How do you factor x^3+27?

2 Answers
Nov 3, 2016

Because factoring x^3+27 is the same as finding where the graph passes through the x axis, we can just set the equation equal to zero and solve. #f(x) = (x+3)(x^2-3x+9)#

Explanation:

Let f(x) = x³ + 27
0 = x³ + 27
x³= -27
x = -3
This means that x = -3 is the only zero of the graph of f(x).
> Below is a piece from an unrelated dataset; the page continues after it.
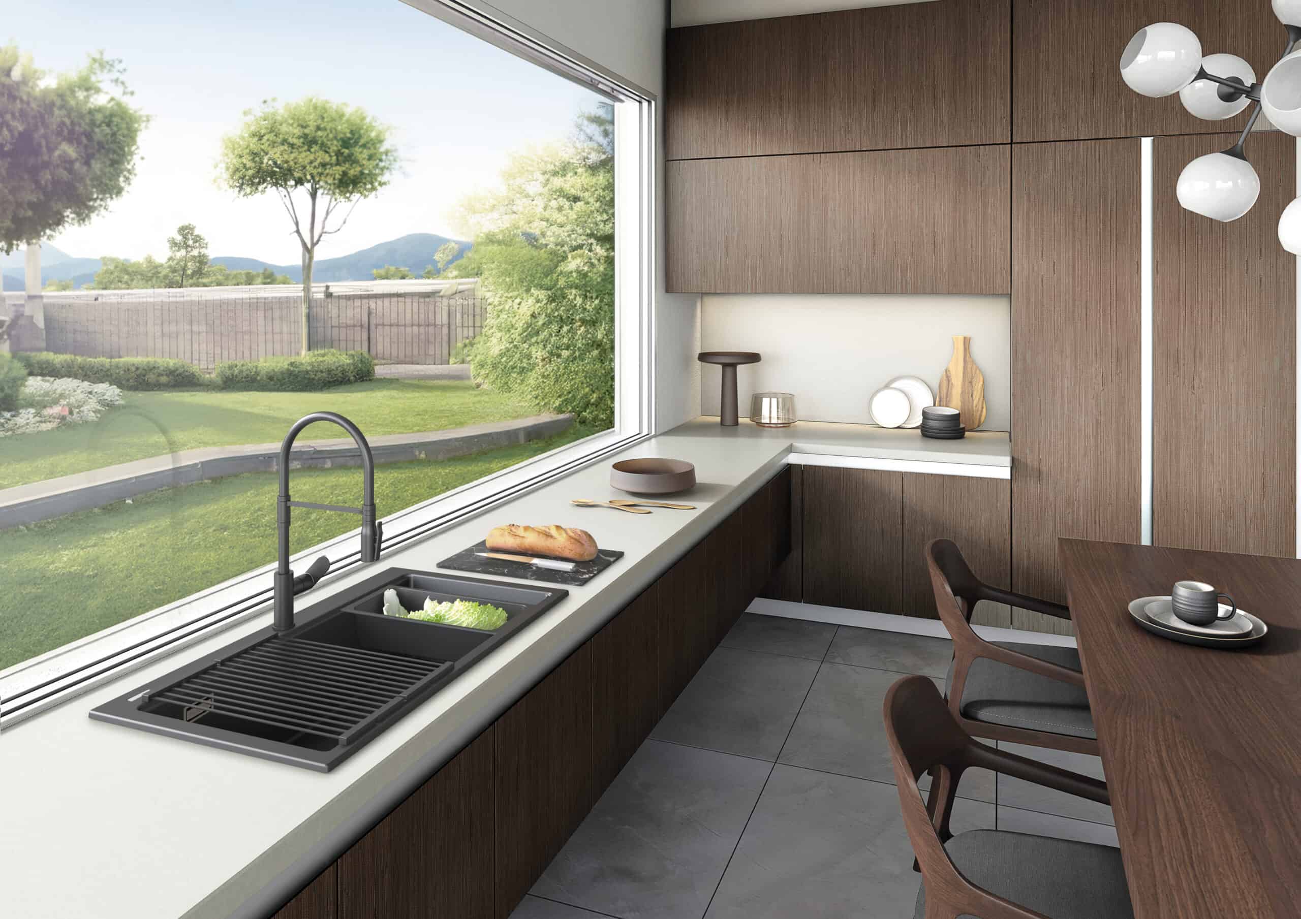 金属颗粒、石英和花岗岩赋予水槽金属色调,与现代环境和不锈钢完美搭配。易于清洁、卫生、耐划痕、耐化学品和高温。
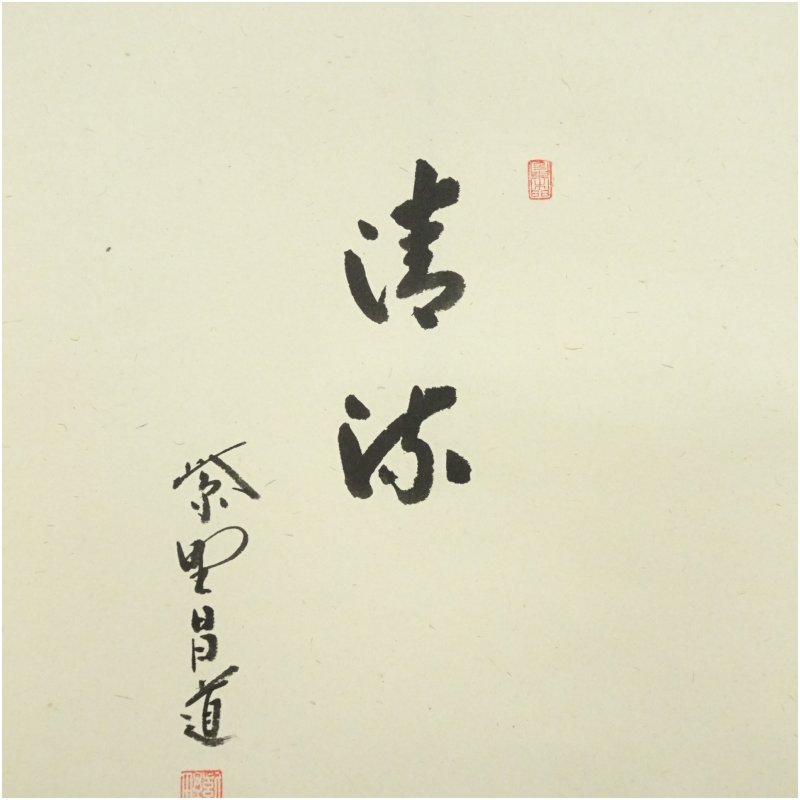 大徳寺 前田昌道筆 「清流」鮎画賛 肉筆紙本掛軸(共箱)

Since we know #(x+3)# is one factor of #f(x)#, to find the 2nd factor,
#(x^3+27)/(x+3)#
We get the second factor to be #x^2-3x+9#.

Therefore, #f(x) = (x+3)(x^2-3x+9)#

Nov 3, 2016

#x^3+27 = (x+3)(x^2-3x+9)#

Explanation:

The sum of cubes identity can be written:

#a^3+b^3 = (a+b)(a^2-ab+b^2)#

Note that both #x^3# and #27=3^3# are perfect cubes, so we can use the sum of cubes identity with #a=x# and #b=3# as follows:

#x^3+27 = x^3+3^3#

#color(white)(x^3+27) = (x+3)(x^2-3x+3^2)#

#color(white)(x^3+27) = (x+3)(x^2-3x+9)#

The remaining quadratic has no simpler linear factors with Real coefficients.